# [PROBLEM REQUIREMENTS]
From the line containing "Tendukheda (24 km)" to the line containing "2 монтажные панели" in the records below, set down every line exactly as it stands, both ends included, and skip the pictures.

(Beginning of LISTED RECORDS)

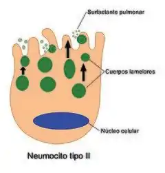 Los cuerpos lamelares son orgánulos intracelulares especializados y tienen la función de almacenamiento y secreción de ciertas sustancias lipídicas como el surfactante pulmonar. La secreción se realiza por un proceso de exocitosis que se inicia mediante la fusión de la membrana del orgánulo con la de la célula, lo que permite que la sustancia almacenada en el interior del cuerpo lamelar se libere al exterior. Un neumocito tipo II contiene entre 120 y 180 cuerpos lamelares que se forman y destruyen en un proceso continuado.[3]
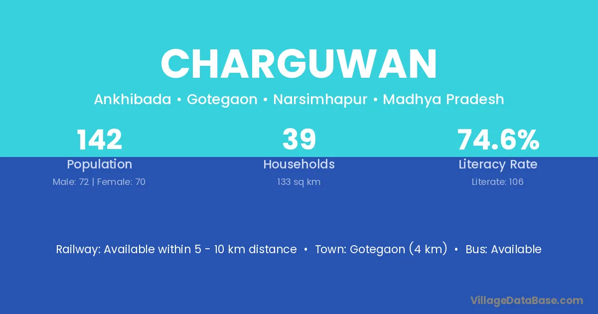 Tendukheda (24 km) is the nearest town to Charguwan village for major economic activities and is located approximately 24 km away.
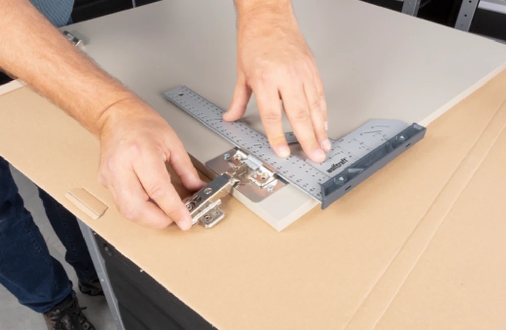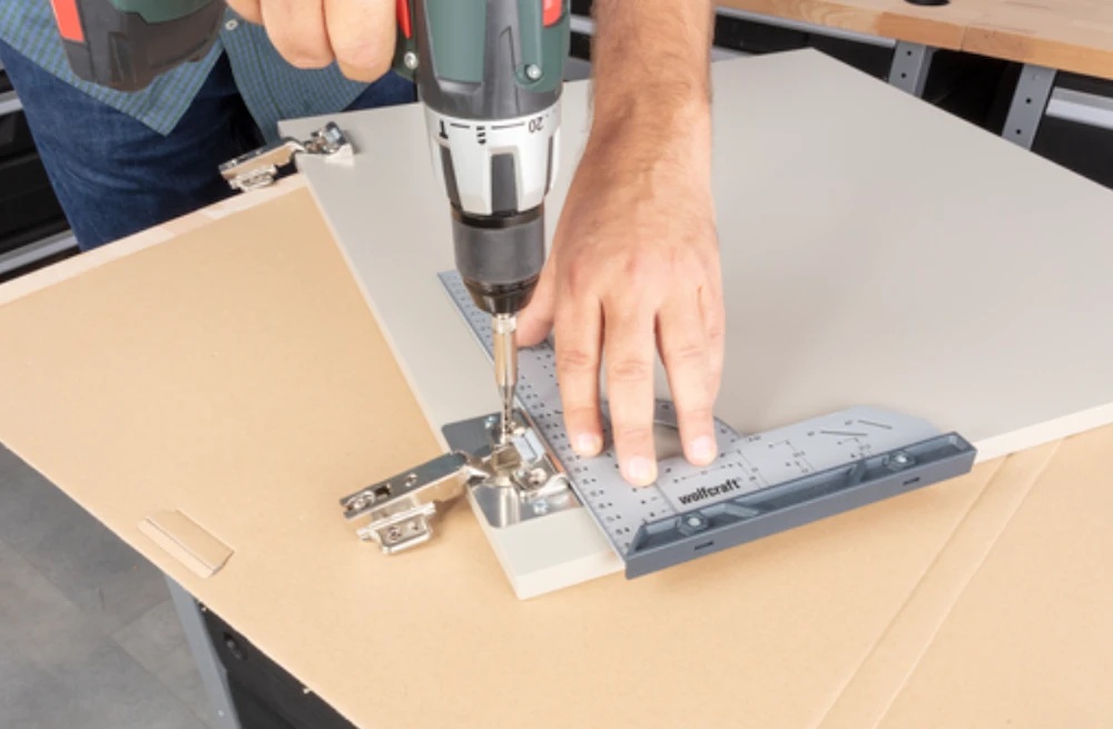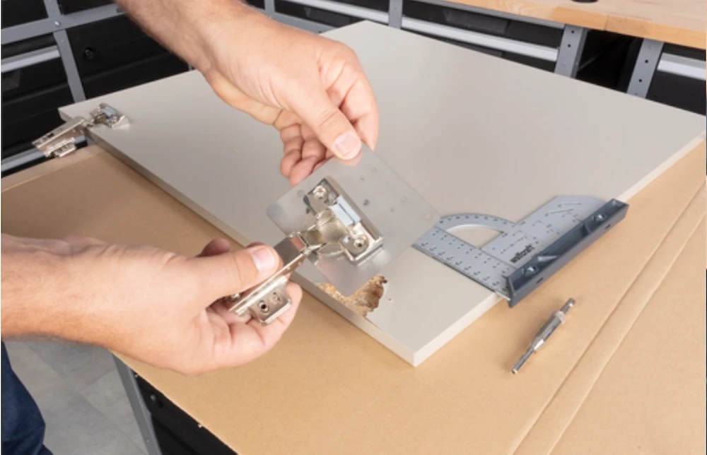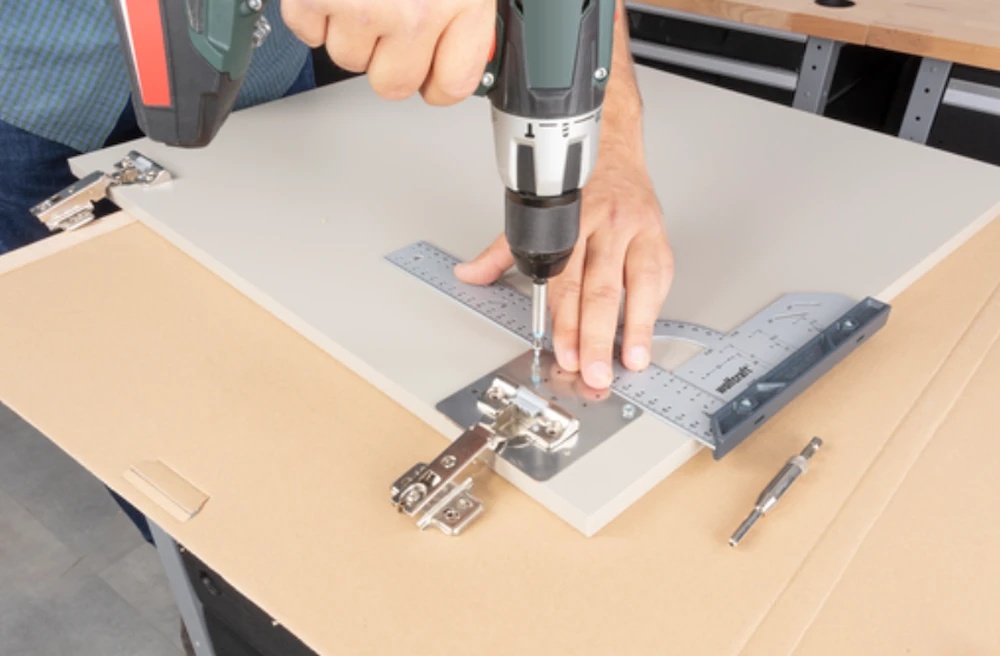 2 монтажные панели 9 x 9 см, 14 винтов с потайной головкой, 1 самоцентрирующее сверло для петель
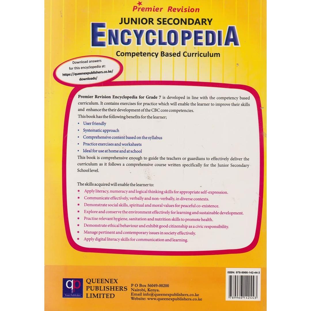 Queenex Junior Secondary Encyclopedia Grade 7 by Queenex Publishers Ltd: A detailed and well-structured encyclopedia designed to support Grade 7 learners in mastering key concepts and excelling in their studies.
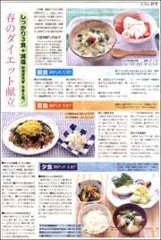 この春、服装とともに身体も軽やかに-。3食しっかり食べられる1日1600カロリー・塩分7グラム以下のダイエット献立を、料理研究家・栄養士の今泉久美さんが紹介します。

(End of LISTED RECORDS)
(Beginning of LISTED RECORDS)

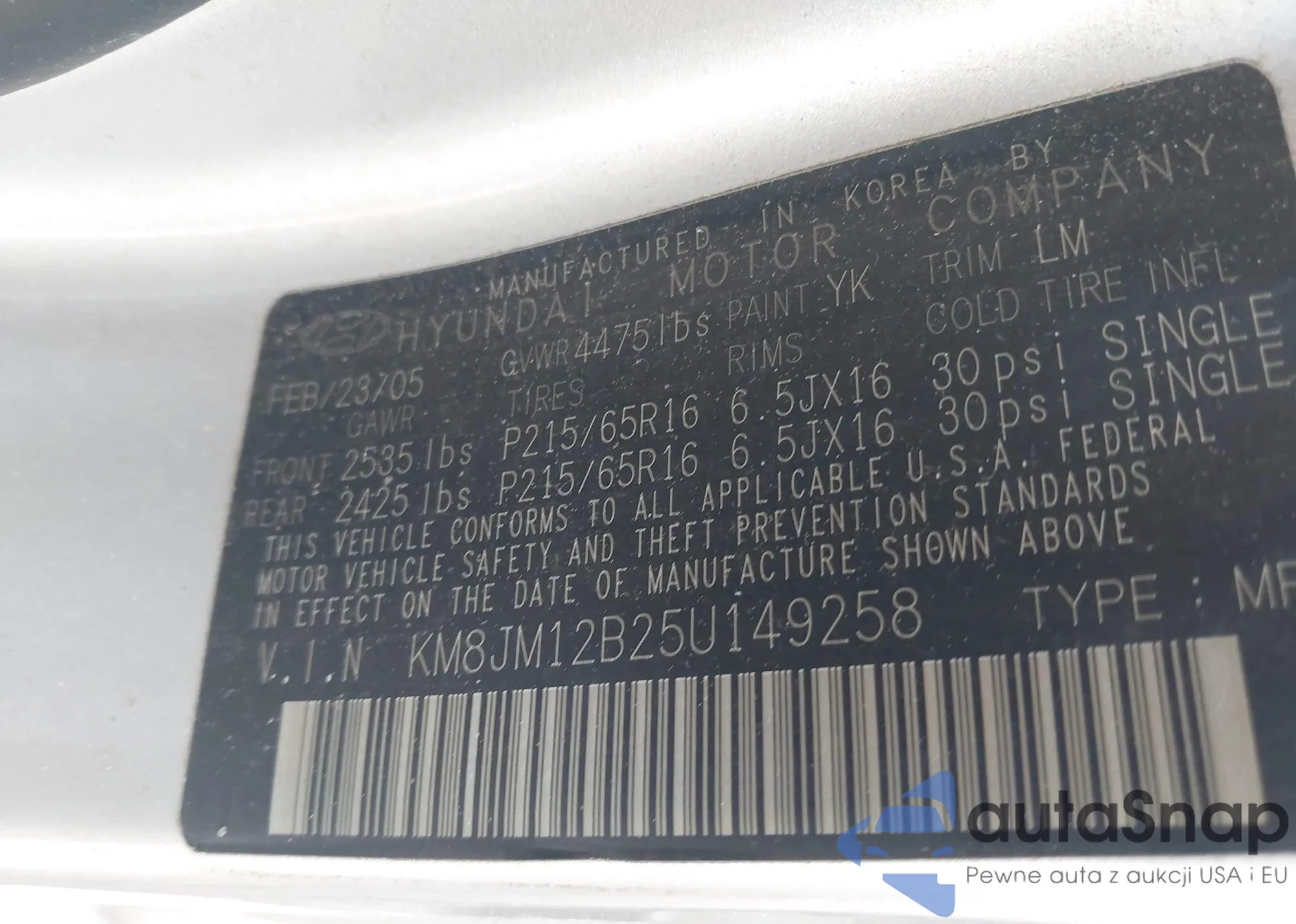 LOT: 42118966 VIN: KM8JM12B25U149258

(End of LISTED RECORDS)

# [TASK RESULT]
 Tendukheda (24 km) is the nearest town to Charguwan village for major economic activities and is located approximately 24 km away.
 2 монтажные панели 9 x 9 см, 14 винтов с потайной головкой, 1 самоцентрирующее сверло для петель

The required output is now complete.